The pregnancy both brought us closer and pushed us apart. For a while, including at our wedding, we were the only ones who knew. Then, later on, we were the ones to whom every little thing mattered: at the sonograms, we studied the expression of the lab tech, or examined little photos to see if we could make out the face and character of our baby.
But there was also no denying that this was all happening to Emily, inside of Emily, and not inside of me. It was like we’d discovered that Emily had a superpower—a partly debilitating superpower that would lead to incredible physical pain, but a superpower still. We were scared of different things, then, and in different ways. I was scared of my ignorance. Emily was scared of the pain. But Emily was also prepared: she had read the literature and she knew lots of moms. Once she was pregnant, she downloaded an app that told her all about the baby. “Our baby is the size of a pea,” she would tell me. Then: “Our baby is the size of a plum.” Eventually, our baby was the size of an eggplant. He was in good hands with Emily. The weak link was me.
Emily wanted a home birth. I thought this was crazy, but she said that she didn’t want to take a cab to the hospital and possibly give birth in it. I imagined looking up at the taxi meter as my child was born and seeing, like, a hundred and ninety-eight dollars. I agreed to explore the option of home birth.
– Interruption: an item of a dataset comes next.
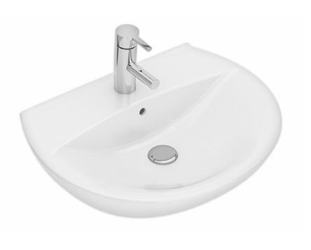 Ifö Spira 60 buet håndvask t/væg - 1 hanehul - Ifö Clean Håndvask med afsætningsplads på bagerste del af vasken. Fremstilles også uden overløbshul, hvilket giver enklere rengøring. Monteres med bolte. Håndvasken er behandlet med Ifös rengøringsvenlige glasur Ifö Clean og godkendt i henhold til Nordic Quality. Design Knud Holscher. Specifikationer:

We watched an unconvincing documentary called “The Business of Being Born,” in which the former daytime talk-show host Ricki Lake, pregnant with her second child, sings the praises of home birth and denounces an American hospital system that pumps women full of drugs and then pressures them to have C-sections they don’t need. Toward the end of the film, Lake gives beautiful birth at home, no drugs needed. The director of the film is also pregnant, but ends up giving birth at the hospital, because her baby is coming out the wrong way (legs or butt first, known as “breech,” as in breeches). The film is pretty compelling as an indictment of a profit-seeking medical establishment. In proposing home birth as a sort of opt-out movement, it is less effective. There are a lot of people who cannot or should not give birth at home. When the director has to “transfer” to the hospital to get a C-section, the news ought to be that her baby has survived. But, in the context of the home-birthing paradigm, the director is made to seem like a failure.
Still, we remained open to the idea. We interviewed a midwife named A. She was young and seemed nice enough, but, as we were wrapping up, she said a very strange thing. “I have a question for you,” she said. “If something goes wrong, will you still remain advocates of home birth?”